What is needed is an exact repeat of the lines from the one holding "18K Gold PVD" through the final line of the data, with no pictures.

Recorded information ->
◆ ◆ ◆

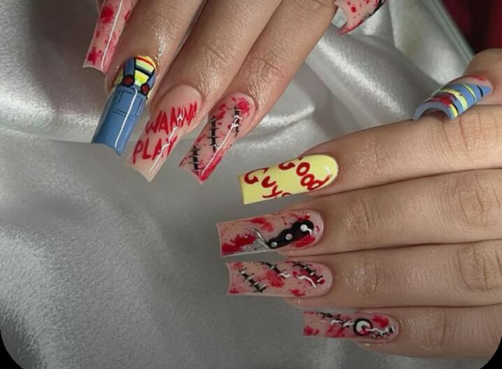 Bold coffin nails with stitched patterns, blood splatters, knives, and bright “Good Guys” details, perfectly capturing Chucky’s chilling vibe.
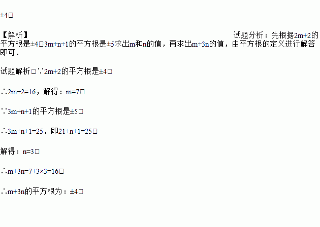 已知2m+2的平方根是±4,3m+n+1的平方根是±5,求m+3n的平方根.
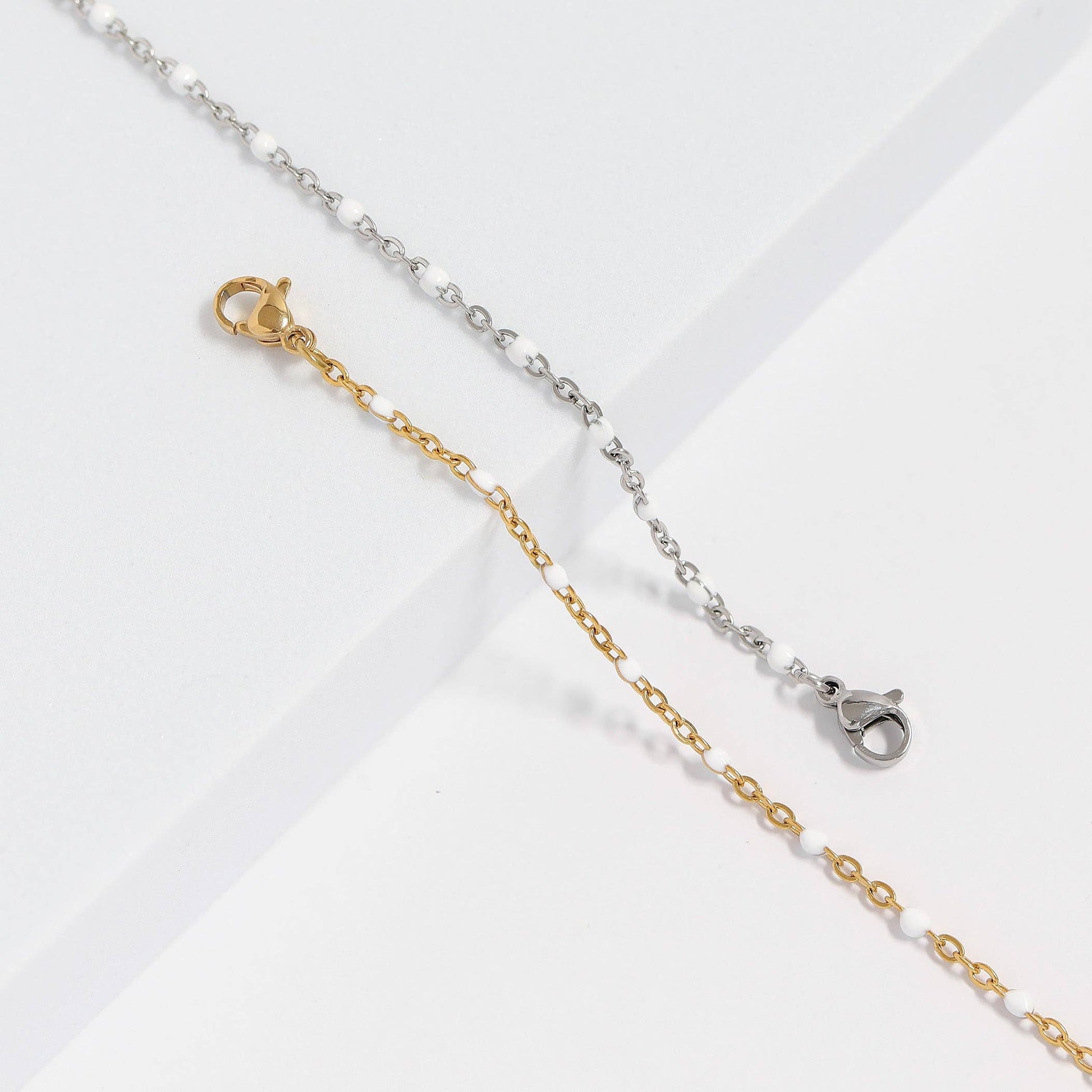 18K Gold PVD Stainless Steel White Confetti Chain Bracelet: Stainless
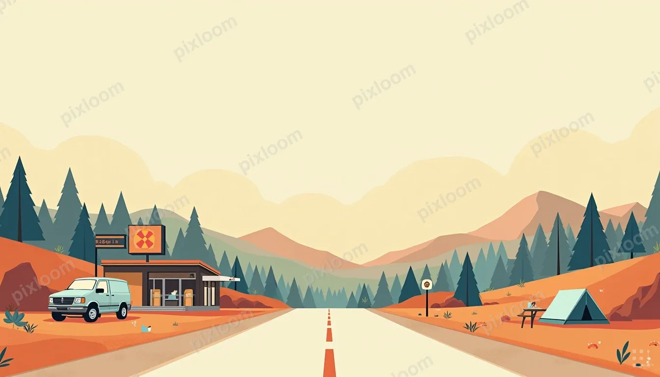 Modern Illustration1344x768Modern illustration of a road trip map with icons — gas station, diner, viewpoint, campsite

◆ ◆ ◆

Output ->
 18K Gold PVD Stainless Steel White Confetti Chain Bracelet: Stainless
 Modern Illustration1344x768Modern illustration of a road trip map with icons — gas station, diner, viewpoint, campsite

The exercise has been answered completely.